В “Дневнике писателя” читаем, что “двигала им (евреем) столько веков одна только жажда напиться нашим потом и кровью”. Вряд ли задумывался великий гуманист о последствиях, заявляя: “Жид погубит Россию”. Слова его отозвались страшным кличем “Бей жидов, спасай Россию” и морем пролитой нашей крови.

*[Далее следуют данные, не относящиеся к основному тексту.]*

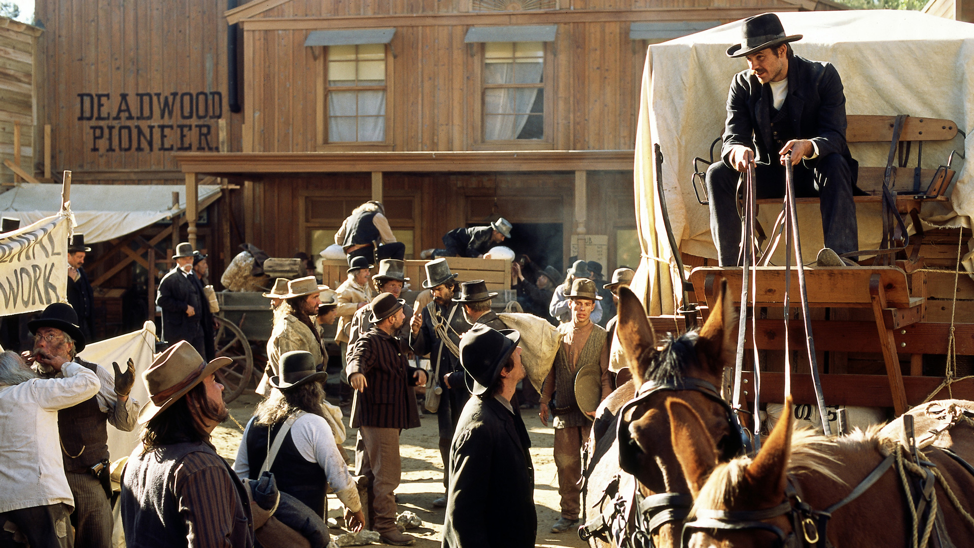 After wrapping up “Stark Contrast” (our Game of Thrones podcast) for the year, J and I have decided to take a detour out West. We’re delving into Deadwood, David Milch’s off-kilter Western series set in the historical frontier town of the same name. I’m a big fan of the show; I own the full box set on Blu-ray and consider it one of my all-time favorites. Meanwhile, J hasn’t ever seen what Al Swearengen (Ian McShane) and company have to offer — until now.

“К Достоевскому, как к любой исторической фигуре, следует подходить исторически, то есть судить о нём в контексте его, а не нашего времени”, — учит Семён Резник. Нет возражений. Но разве это что-нибудь меняет в нашем отношении к его современнику, зоологическому антисемиту Рихарду Вагнеру? Так что, так уж и нет никакой разницы между Вагнером и Достоевским? Есть, и она разительна. На шкале антисемитизма они далеко отстоят друг от друга. Вагнер утверждал, повторяя Маркса, что единственное спасение евреев – в полном безоговорочном самоуничтожении: “Спасение Агасфера – в его гибели”. Достоевский отнюдь не желает гибели евреев. Он всматривается в нашу историю и обнаруживает её исключительность: “Чтоб существовать сорок веков на земле (он повторяет ошибку многих, отсчитывая историю евреев не с рождения первого еврея на земле, Авраама, случившегося 37 веков назад, а от Шема, родоначальника семитов, включавших много народов, помимо евреев), т. е. во весь почти исторический период человечества,.. чтоб терять столько раз свою территорию, свою политическую независимость, законы, почти даже веру, — терять и всякий раз опять соединяться, опять возрождаться в прежней идее, хоть и в другом виде, опять создавать себе и законы и почти веру – нет, такой живучий народ такой беспримерный в мире народ, не мог существовать без status in statu (“государство в государстве” – лат.), который он сохранял всегда и везде во время самых страшных, тысячелетних рассеяний и гонений своих… Тут не одно самосохранение стоит главной причиной, а некая идея, движущая и влекущая, нечто такое, мировое и глубокое, о чём, быть может, человечество ещё не в силах произнесть своего последнего слова… Что религиозный-то характер тут есть по преимуществу – это-то уже несомненно. Что свой Промыслитель, под именем прежнего первоначального Иеговы, со своим идеалом и со своим обетом продолжает вести свой народ к цели твёрдой – это-то уже ясно…” (Почти полвека спустя, в 1923 г., эту же мысль Николай Бердяев сформулировал так: “Его (еврейского народа) существование есть странное, таинственное и чудесное явление, которое указывает, что с судьбой этого народа связаны особые предначертания”, см. гл. 4).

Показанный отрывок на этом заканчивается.